The main limitation of this study is that sample numbers are still relatively limited leading to insufficient power to say anything for example about exogenous factors such as antibiotics use and/or feeding regime. To retain as much power and sensitivity as possible we did not exclude samples with a low but still adequate sequencing depth nor did we rarify. Alpha or beta diversity analyses, which can be affected by differences by in sequencing depth [43], were not utilized in this study and an increased potential for a higher false discovery rate was countereacted by focusing on the compositionaly important bacterial groups which due to their quantity (%) are effectively unaffected by a relatively low sequencing (> 2000 reads) depth.

Conclusions

During the first four weeks of life the gut microbiome of extremely and very preterm infants (birth weight < 1000 g) undergoes, or starts to undergo, a transition from a gut microbiome with a high abundance of staphylococci towards one dominated by Enterobacteriaceae. This study improves the patterned progression hypothesis [26] by using the infants’ absolute weight at sampling time as a more accurate marker of host biology and maturation than postconceptional age. These findings were independent of pregnancy complications with diminished placental function. We hypothesize that weight thresholds determine the stage of the progression in maturation and development of the colonization process. Exogenous factors were in this cohort, apart from the strong yet transient effect of the mode of delivery, of minor importance.

Materials and methods

Subjects

This study is part of a prospective observational trial (CALIFORNIA trial; registered as NTR4153 in the Dutch trial registry, and approved by the Medical Ethics Committee of the University Medical Center Groningen), which studied infants for developing NEC [5, 6, 44,45,46,47]. We confirm that all methods were performed in accordance with the guidelines and regulations, including the declaration of Helsinki. The CALIFORNIA trial included 100 infants admitted to the Neonatal Intensive Care Unit of the University Medical Center Groningen between October 2012 and December 2014, after written informed consent of their parents was given. Infants born at a GA of ≤ 30 weeks and born with a BW of ≤ 1000 g were applicable for the study from whom more than two samples during the first 4 weeks were available. Patients with other abdominal diseases (abdominal wall defects or congenital intestinal atresia) were excluded from this trial. Patient characteristics and demographic variables were derived from the CALIFORNIA database.

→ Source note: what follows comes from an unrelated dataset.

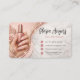 A beautifully designed business card template created for nail technicians, featuring a stylish blend of soft florals, beauty‑themed imagery, and modern layout elements. The design includes a decorative front with beauty‑inspired visuals and a clean, minimal back for essential details. All text, colors, and information are fully customizable to suit any brand or aesthetic.

Demographic and clinical variables

Data from each sample day were used. Variables consisted of mode of delivery, BW, GA at birth, z-score BW (which represents the standard deviation in SD units from the Dutch reference growth curves) [48], bodyweight on the sample day, the administration of mothers’ milk and / or of formula milk in milliliters/kg on the sample day, the antibiotic use on the sample day and if antibiotics were administered for more than 48 h after birth. Complications during pregnancy were classified as placental insufficiency (pre-eclampsia/HELLP, fetal growth restriction and fetal distress) and intra-uterine infection/spontaneous preterm birth (chorioamnionitis, PPROM, cervical insufficiency and premature contractions).

Faecal samples

We intended to analyze one faecal sample per week, starting with the first meconium, and afterwards the first faecal sample of every week during the first four weeks after birth. Faecal samples were stored at – 80 °C prior to the start of this study. The first sample of each week was used for analyses of the current sub-study.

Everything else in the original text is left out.